§ **ASSIGNMENT**
Pictures must not appear in the copy. Restate exactly the lines below from the one with "Pink Roses and" through the one with "Une image colorée", inclusive.

§ **MATERIAL FOR THIS TASK**
────────────────
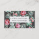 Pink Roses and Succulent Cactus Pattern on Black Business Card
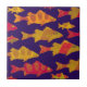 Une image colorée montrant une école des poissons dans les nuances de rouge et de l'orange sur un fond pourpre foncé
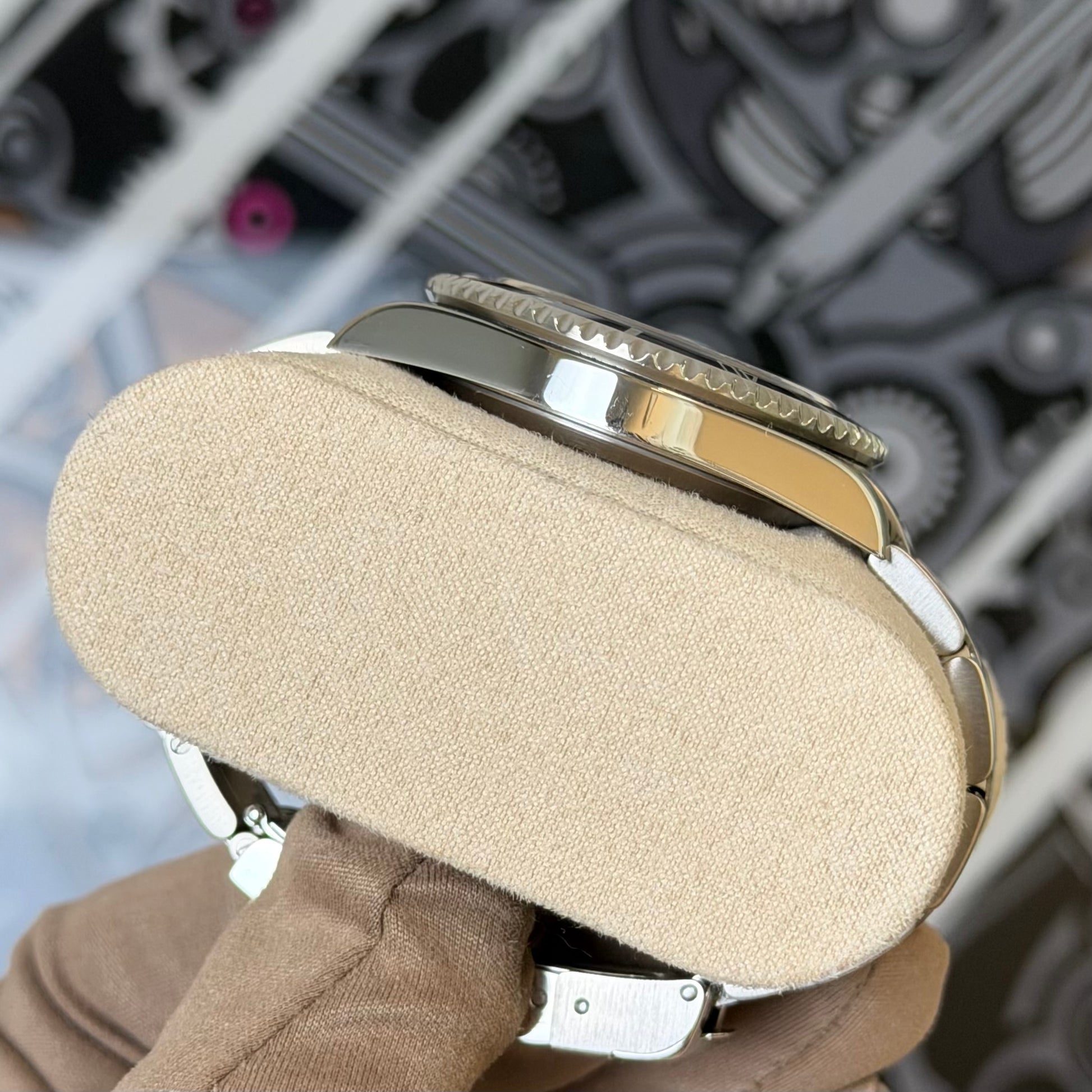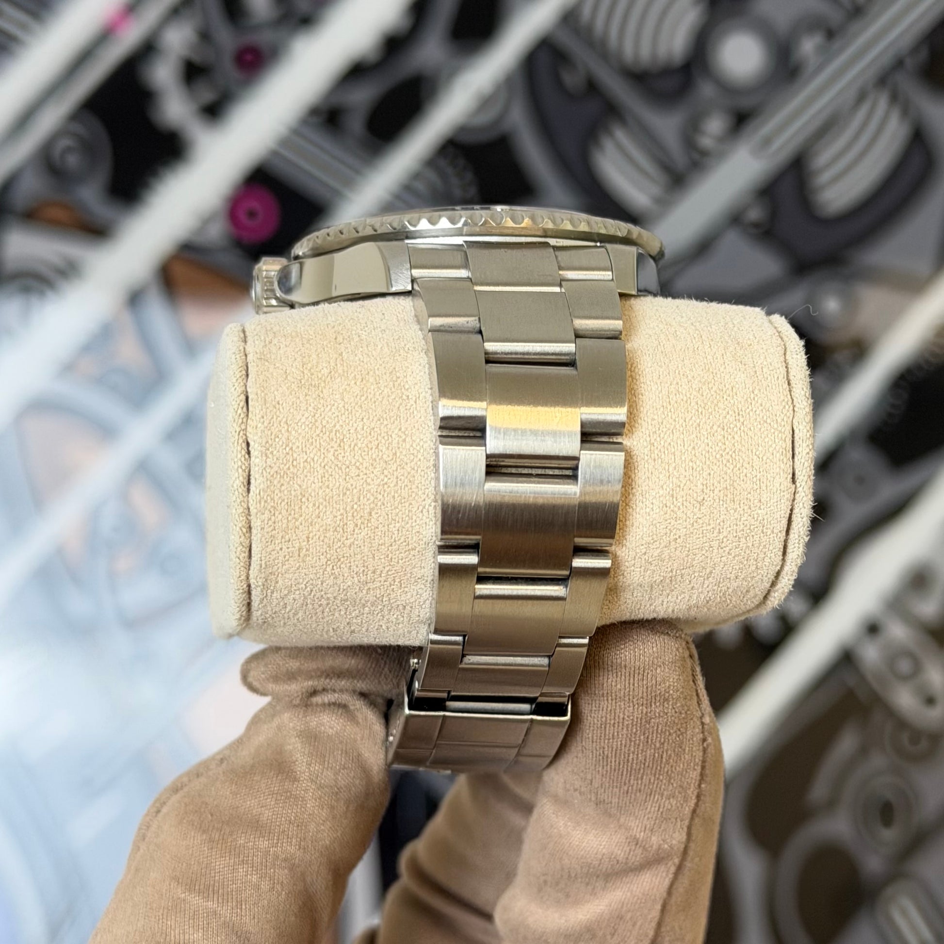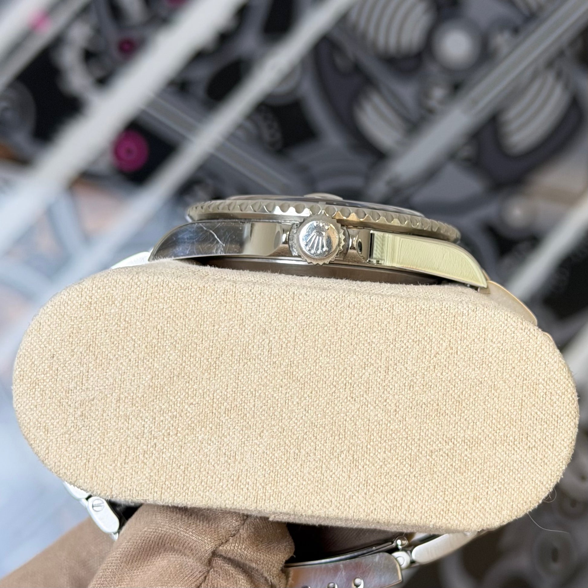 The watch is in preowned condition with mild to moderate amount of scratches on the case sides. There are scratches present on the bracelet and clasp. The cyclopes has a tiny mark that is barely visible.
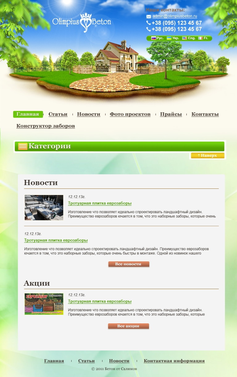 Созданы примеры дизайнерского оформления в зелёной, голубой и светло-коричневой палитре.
────────────────
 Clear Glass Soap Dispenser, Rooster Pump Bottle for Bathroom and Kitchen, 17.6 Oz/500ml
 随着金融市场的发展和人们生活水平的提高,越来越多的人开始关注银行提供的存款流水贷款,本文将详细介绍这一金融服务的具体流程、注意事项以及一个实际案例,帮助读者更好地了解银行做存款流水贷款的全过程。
────────────────
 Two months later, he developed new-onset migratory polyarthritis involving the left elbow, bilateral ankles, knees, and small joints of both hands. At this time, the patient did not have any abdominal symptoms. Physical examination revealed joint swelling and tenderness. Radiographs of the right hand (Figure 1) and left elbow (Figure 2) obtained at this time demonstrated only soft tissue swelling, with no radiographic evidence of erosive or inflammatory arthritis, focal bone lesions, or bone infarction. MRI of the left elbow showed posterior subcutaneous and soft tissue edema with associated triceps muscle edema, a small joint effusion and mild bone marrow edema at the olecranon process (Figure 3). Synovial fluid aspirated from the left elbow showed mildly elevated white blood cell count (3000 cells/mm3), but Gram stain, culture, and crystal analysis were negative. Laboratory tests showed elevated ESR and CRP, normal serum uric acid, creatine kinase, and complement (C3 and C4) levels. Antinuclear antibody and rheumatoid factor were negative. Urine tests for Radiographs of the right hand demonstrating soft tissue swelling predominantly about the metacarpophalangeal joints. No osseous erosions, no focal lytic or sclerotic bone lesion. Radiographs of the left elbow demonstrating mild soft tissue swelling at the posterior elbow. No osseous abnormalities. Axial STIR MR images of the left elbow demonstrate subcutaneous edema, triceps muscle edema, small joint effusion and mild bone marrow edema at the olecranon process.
────────────────
§ **RESPONSE TO THE EXERCISE**
 Pink Roses and Succulent Cactus Pattern on Black Business Card
 Une image colorée montrant une école des poissons dans les nuances de rouge et de l'orange sur un fond pourpre foncé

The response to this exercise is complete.